EXERCISE MATERIALS:

•••••

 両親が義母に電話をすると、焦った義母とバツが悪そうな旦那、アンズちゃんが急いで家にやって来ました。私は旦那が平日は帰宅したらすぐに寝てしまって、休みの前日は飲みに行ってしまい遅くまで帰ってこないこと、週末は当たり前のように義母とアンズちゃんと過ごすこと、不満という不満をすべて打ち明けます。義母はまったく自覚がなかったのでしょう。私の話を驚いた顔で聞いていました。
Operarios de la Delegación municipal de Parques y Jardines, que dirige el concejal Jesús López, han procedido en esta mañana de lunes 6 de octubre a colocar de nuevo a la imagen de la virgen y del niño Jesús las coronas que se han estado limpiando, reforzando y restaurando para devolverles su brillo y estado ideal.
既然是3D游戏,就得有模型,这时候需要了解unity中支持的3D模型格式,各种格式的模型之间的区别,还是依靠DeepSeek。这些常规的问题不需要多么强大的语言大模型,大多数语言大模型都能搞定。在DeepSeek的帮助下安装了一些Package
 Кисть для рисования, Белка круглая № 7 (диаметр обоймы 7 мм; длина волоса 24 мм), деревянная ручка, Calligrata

•••••

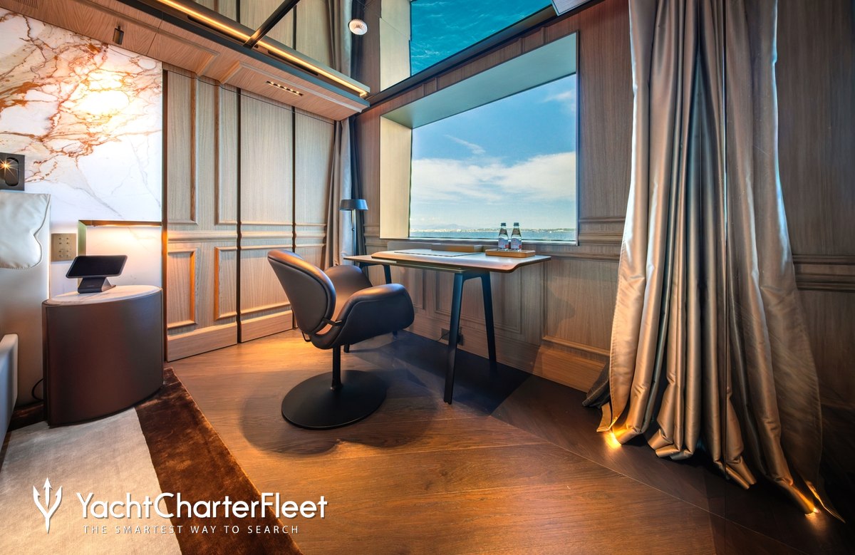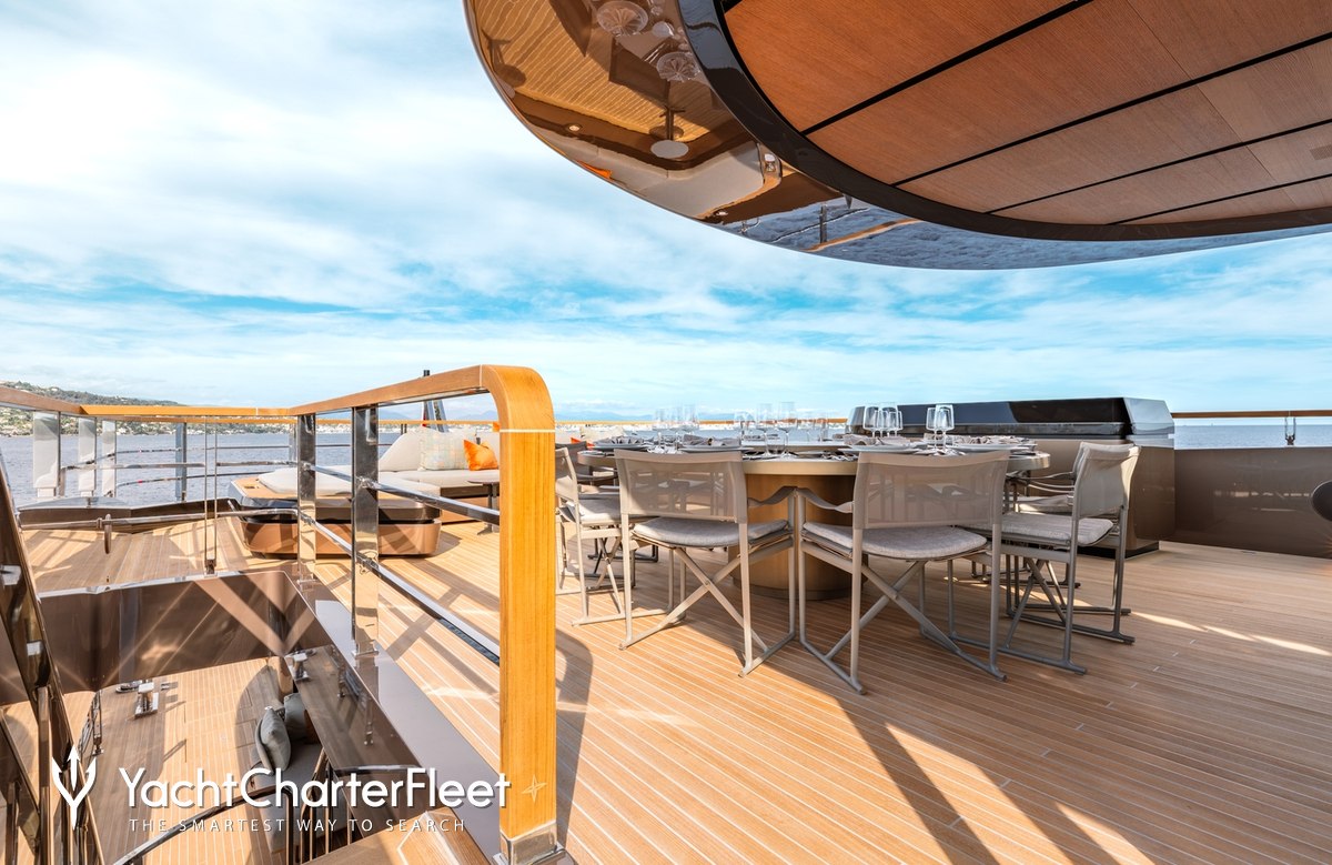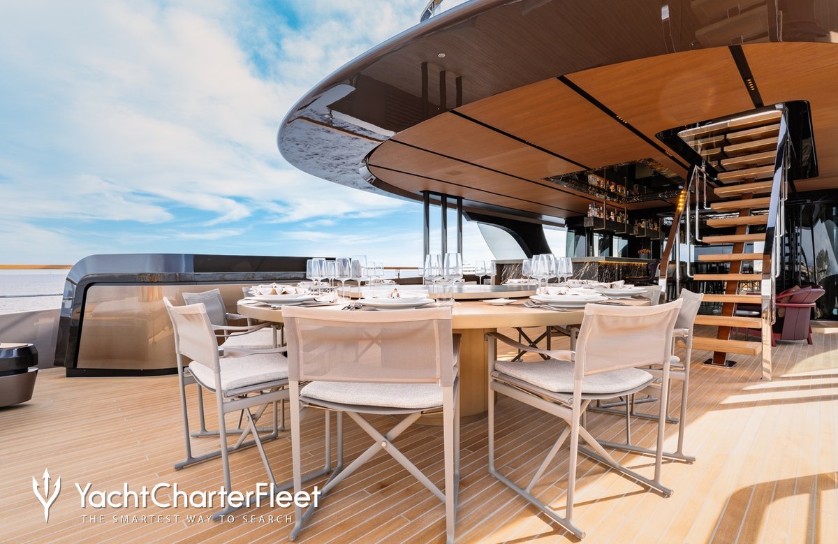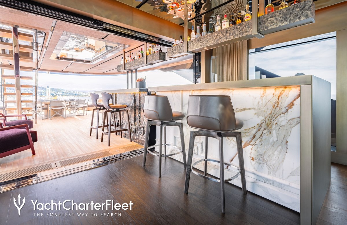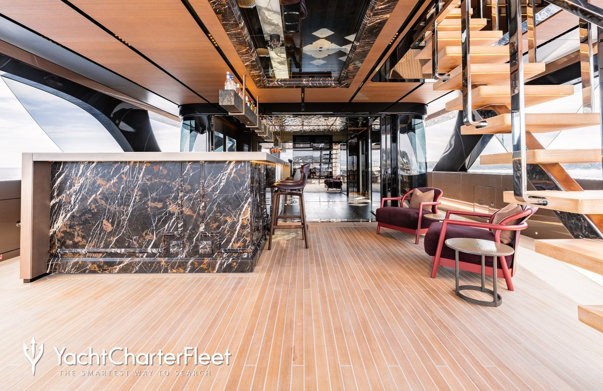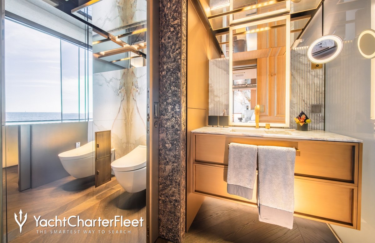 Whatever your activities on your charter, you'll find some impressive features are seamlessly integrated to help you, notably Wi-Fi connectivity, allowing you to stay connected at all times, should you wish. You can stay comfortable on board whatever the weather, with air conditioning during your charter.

•••••

Above are the lines; repeat exactly the ones from the line containing "既然是3D游戏,就得有模型,这时候需要了" down to the line containing "Кисть для рисования, Белка", both inclusive.

SOLUTION FOR THIS PROBLEM:
既然是3D游戏,就得有模型,这时候需要了解unity中支持的3D模型格式,各种格式的模型之间的区别,还是依靠DeepSeek。这些常规的问题不需要多么强大的语言大模型,大多数语言大模型都能搞定。在DeepSeek的帮助下安装了一些Package
 Кисть для рисования, Белка круглая № 7 (диаметр обоймы 7 мм; длина волоса 24 мм), деревянная ручка, Calligrata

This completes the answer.